Two thousand years after Hero, the lesson is the same: users want the helper to know its place.
The six retention mechanisms inside screen-aware AI
1. Summoning ritual (Clicky’s Control + Option hotkey) - Every interaction is opt-in, which prevents the uninvited-help failure mode that killed Clippy. Why it prevents churn: the user never feels watched when they didn’t ask to be watched.
2. Visual pointing (Clicky’s blue triangle) - The AI doesn’t describe where to click; it points. This compresses the overhead of translating a verbal instruction into a physical action. Why it prevents churn: the post-wow plateau is delayed because the gesture is genuinely faster than any alternative form of help.
3. Voice-first interaction (Clicky’s ElevenLabs layer) - The user speaks the question and hears the answer, never breaking focus on the screen they’re trying to learn.
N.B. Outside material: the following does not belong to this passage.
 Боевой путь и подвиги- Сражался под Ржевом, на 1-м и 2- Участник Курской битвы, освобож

Typing would force a return to the keyboard and a context switch; voice keeps the eyes where the work is.
4. Compounding personal corpus (Screenpipe’s local indexed history) - Every additional day of recorded screen and audio makes the next query more valuable. The switching cost is not technical; it’s historical. Why it prevents churn: the longer the user stays, the more expensive leaving becomes.
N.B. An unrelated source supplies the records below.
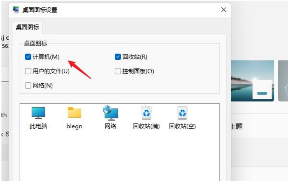 4.在桌面图标选项中勾选中“计算机”,点击【确定】即可。
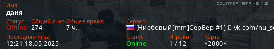 Последний раз был в сети 12:21 18.05.2025 Игрок с таким ником замечен на 36 серверах
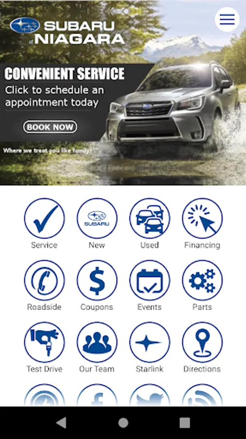 Subaru of Niagara mobile dealer app provides customers and shoppers with an enhanced dealership mobile experience. The mobile car dealership app uses background geo-location for geo-fencing and geo-targeted push notifications to provide customers with relevant specials and loyalty offers. The app also delivers a wide range of features/benefits to customers, including service scheduling, viewing new and used inventory, redeeming mobile offers, sharing dealer promotions, referring family and friends, viewing special events, contacting roadside assistance, booking a test drive, and contacting staff directory.
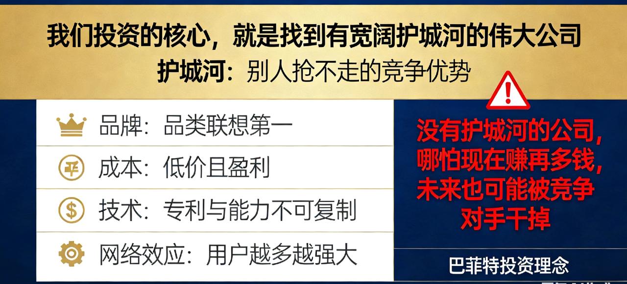 巴菲特说,我们投资的核心,就是找到有宽阔护城河的伟大公司。 什么是护城河?就是别人抢不走的竞争优势。 要么是品牌,别人一提这个品类,第一个想到它; 要么是成本,它能做到别人做不到的低价,还能赚钱; 要么是技术,它有别人无法复制的专利和能力; 要么是网络效应,用的人越多,它越强大。 没有护城河的公司,哪怕现在赚再多钱,未来也可能被竞争对手干掉。 巴菲特投资金句 巴菲特人生窍门 巴菲特点评 巴菲特理财智慧 巴菲特投资思想 巴菲特选股法 巴菲特交易智慧

5. Local-first architecture (Screenpipe’s no-cloud commitment) - For a user about to grant 24/7 screen and audio recording, the only acceptable trust frame is “this never leaves my machine.” Local-first is not a feature; it’s the precondition the use case requires. Why it prevents churn: a privacy breach, real or rumored, would collapse the entire user base overnight. Local-first defuses that risk structurally.
6. Agentic delegation layer (Clicky’s “clicky agent” command, Screenpipe’s “pipes”) - The product earns its second visit by being more than a teacher. Both products turn the screen-aware base into a launchpad for something stickier. Why it prevents churn: graduation churn - the student outgrows the teacher - is defused when the teacher becomes an assistant.